After the 3:30 bell rang he went back to Ms. Adams’ office and stood in her door until she looked up. Harlan didn’t move and she gestured him in. He stepped into the office but didn’t sit down. “I went through the garbage.”

“You did what?”

“I went through the garbage and found a coupla things. Took pictures. Want ‘em?”

“You rummaged through the garbage, Harlan? That’s kind of gross.”

Harlan nodded. “I washed my hands.”

She chuckled. “You got pictures of what?”

“A phone case and a fidget spinner.”

“Could be anyone’s, Harlan. But the kid whose stuff it is said a phone went missing. I didn’t ask if it was in a case.”  She paused. “Can I see the pictures?”

Harlan nodded, dropped his pack onto the chair and pulled his phone out of the side zipper. He flipped a few screens and pulled up the shot.


Harlan nodded.

“Can you send that to me? Adams capital A” He pressed a couple of times and a whooshing sound indicated that the picture was sent. Then he flipped his finger again and held up the phone to her.

“Oh! That’s a pretty fancy fidget spinner.” She took his phone from him. “You found that in the garbage upstairs? In the bathroom?” Harlan nodded. Ms. Adams called across the office space. “Mr. Harrison, could you come here a minute?”

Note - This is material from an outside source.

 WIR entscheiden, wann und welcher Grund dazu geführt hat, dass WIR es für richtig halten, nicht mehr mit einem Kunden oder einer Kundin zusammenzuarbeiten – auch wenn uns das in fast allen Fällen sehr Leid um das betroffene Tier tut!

A man walked in. Tall, broad, casual suit. Ms. Adam held up Harlan’s phone. “Harlan says he found that in the bathroom upstairs.” Mr. Harrison’s eyes widened slightly. He looked at Ms. Adams and walked out of the office. She didn’t say anything more but pressed a few buttons and Harlan heard the whooshing sound. She handed Harlan his phone. “Thanks, Harlan.” She paused. “You know, it would be really good for you if you didn’t show those pictures to anyone. You didn’t post them online, did you?”

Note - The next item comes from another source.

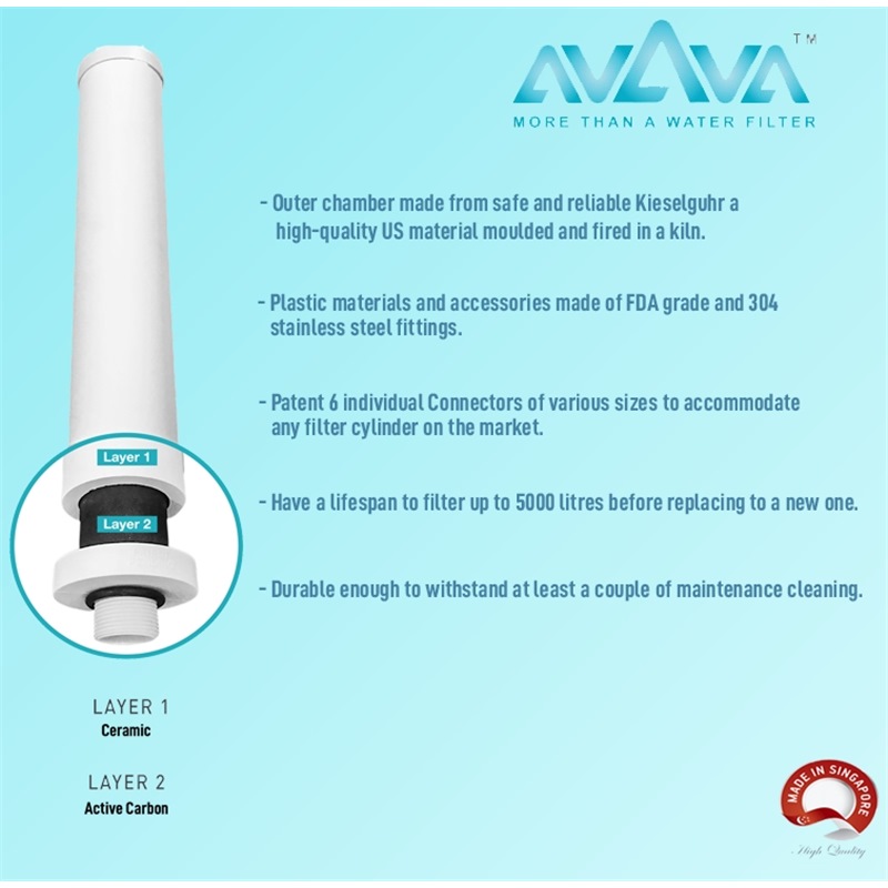 AVAVA Ceramic Filtration Cylinder comprises of an outer chamber made from safe and reliable Kieselguhr a high-quality US material moulded and fired in a kiln.

Harlan was shocked. It hadn’t occurred to him to post anything online. He rarely posted at all, though he knew how. It wasn’t rocket science. His face must’ve said it all because Ms. Adams nodded. “Good. Don’t. In fact, you might want to delete those.”

There was a moment of silence between them and she smiled. “Anything else?” Harlan shook his head. “Well, then. Have a good afternoon. See you tomorrow.” Harlan nodded and said, “Bye.” He walked out of the school, across the parking lot, across the street, and headed northeast towards the river and his home.